Although the teenage boys didn’t pay much attention to what I was saying, I truly believe not one moment of that conversation was in vain. Even if they didn’t have ears to hear, I continue to pray that they will hear the truth in their hearts.
This situation made me wonder:
Why is it that the one thing Jesus commanded us to do is the one thing that is the hardest thing for us to do?
I admit that I myself have been guilty of placing judgment towards other people.
-Why is it so easy to forget that Christ didn’t come to judge the world, but to save it?
Isn’t that one thing we are commanded to do is love?
Love bears all things.
Love believes all things.
Love hopes all things.
Love endures all things.
I have personally come to believe that we get so caught up in the insignificant issues at hand, we lose sight of what’s truly important.
If there is anything I have learned about God this year, it is that He longs for my heart. He longs for your heart. When a person’s heart has been ravished by Him, there is no turning back to the ordinary things of this world because those things pale in comparison to the Glory.
A striving, man-pleasing heart will never set a person free. It is false to believe that a person has to do something in order to receive God’s love. Even before Jesus came down to earth, the Lord told the religious people He was sick of their worthless sacrifices and offerings.
Why?
Because the religious people did their “good” works to look nice and shiny on the outside, but their hearts were far from God.
Man may look at the outward appearance, but God has always looked towards the heart.
Why did God say He hated tattoos?
Because the people He was speaking to in that time did it as a form of worship in reverence to other gods!

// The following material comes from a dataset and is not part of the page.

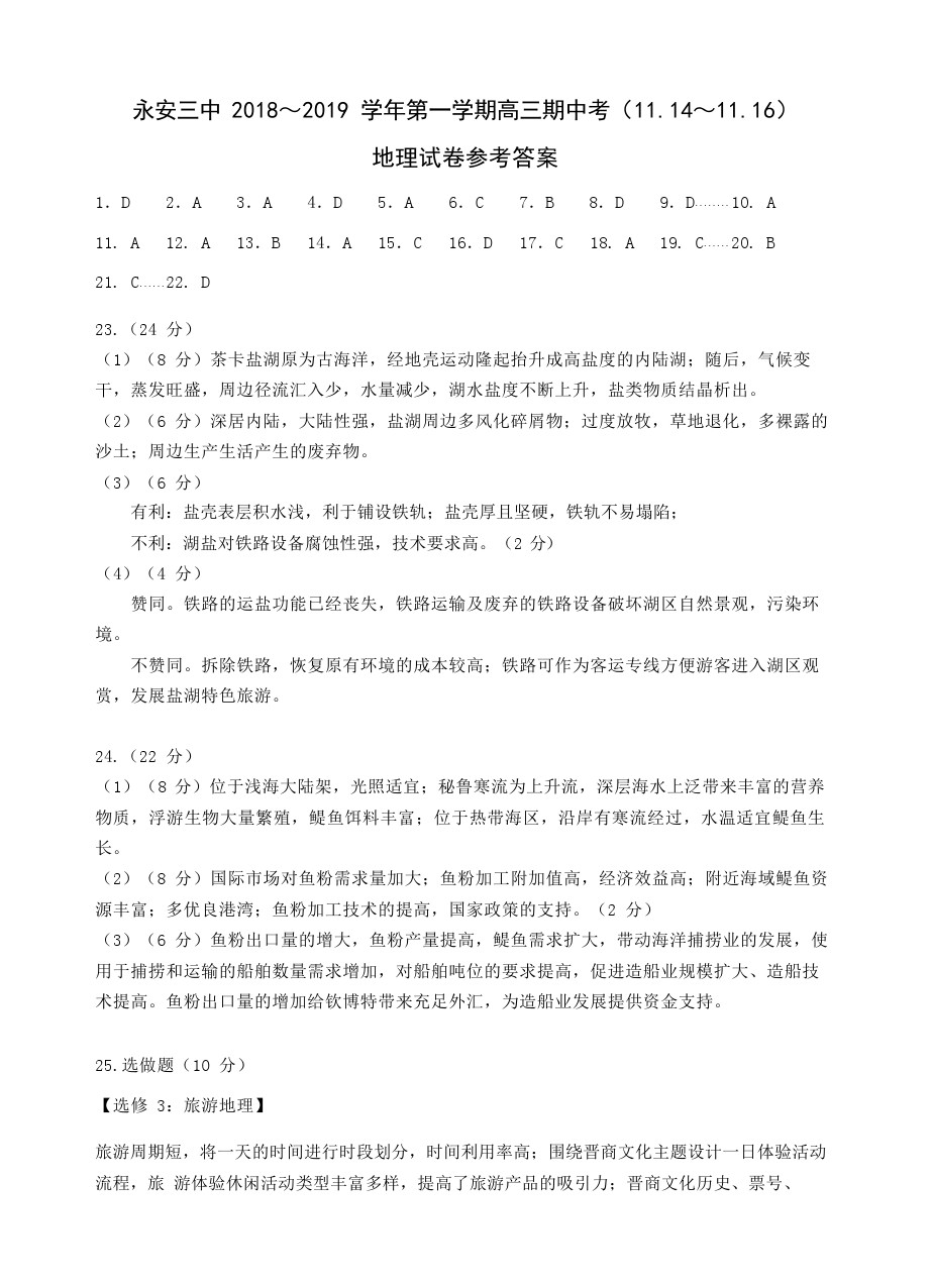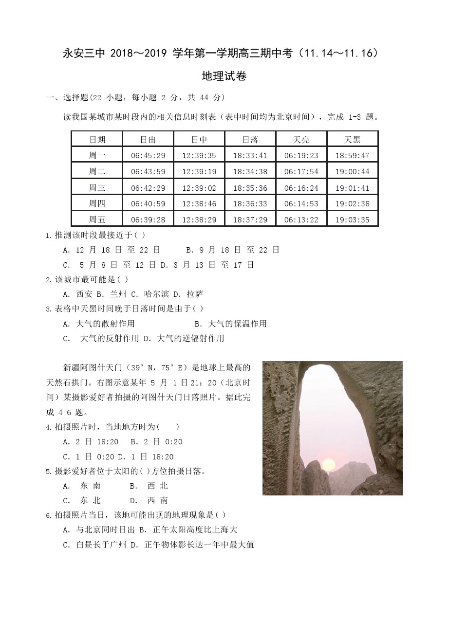 【摘要】福建省永安市第三中學(xué)2019屆高三上學(xué)期期中考試地理試題(無答案)!更多高考信息可關(guān)注閩州教育高考資訊專欄。

Why did God say don’t drink alcohol?
He actually didn’t. He said don’t get drunk. I don’t believe He commanded this to place rules around us; He enforced this because getting drunk with alcohol can’t even compare to getting drunk in His Holy Spirit… and I can testify of this! The cheap man-made bottle does not even scratch the surface in comparison to the power of Heaven! I truly believe drinking alcohol comes back to a person’s motivations. I believe God’s heart breaks when His children drink in order to have fun or lose inhibition because a lack of self confidence, depression, and the list can go on.
The sin issue?
Well, anger and jealousy are just as much a sin as alcoholism and defilement. Is anger any less of a sin if a person does a really good job at hiding this emotion in public? Christ died to set every single person free, and He did this while we were still sinners. Jesus never pushed people away because of their sin, it was always the person who chose to walk away. What if a person was 5 minutes away from experiencing the Glory, but as he entered the church, was denied for being drunk? I wonder how many people have possibly turned from Christ because of denial into the building…
The pharisees knew the Law front and back, but their hearts were far from God.

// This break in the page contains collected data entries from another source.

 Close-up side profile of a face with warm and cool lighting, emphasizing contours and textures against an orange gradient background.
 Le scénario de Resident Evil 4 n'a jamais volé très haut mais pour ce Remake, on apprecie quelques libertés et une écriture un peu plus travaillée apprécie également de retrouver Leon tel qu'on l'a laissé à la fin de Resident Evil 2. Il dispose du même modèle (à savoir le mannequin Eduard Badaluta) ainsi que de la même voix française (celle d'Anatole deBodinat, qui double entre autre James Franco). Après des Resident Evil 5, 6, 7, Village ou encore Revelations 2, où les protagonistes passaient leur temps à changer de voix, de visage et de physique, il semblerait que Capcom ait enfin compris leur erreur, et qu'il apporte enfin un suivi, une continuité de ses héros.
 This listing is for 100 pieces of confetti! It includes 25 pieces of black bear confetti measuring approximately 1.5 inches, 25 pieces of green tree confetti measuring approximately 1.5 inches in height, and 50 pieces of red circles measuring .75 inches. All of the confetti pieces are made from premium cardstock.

Mary Magdalene, on the other hand, was a dirty prostitute, but in Jesus’ eyes she was counted as righteous because she loved Him with all her heart, all her mind, and all her soul. Because Jesus loved and accepted her, she was forever changed.
The truth is it was the religious people that hated Christ because He did hang out with the prostitutes, alcoholics, and tax collectors. Christ never rejected them, on the contrary, He embraced them.
So the lessons I’ve learned from this month:
- Forcing my opinions on people will only push them away.
- The way people see me is a reflection of how they see God.
- I am called to love
- because
- The love of God is always stronger.
- Everything always comes back to the motivation of one’s heart.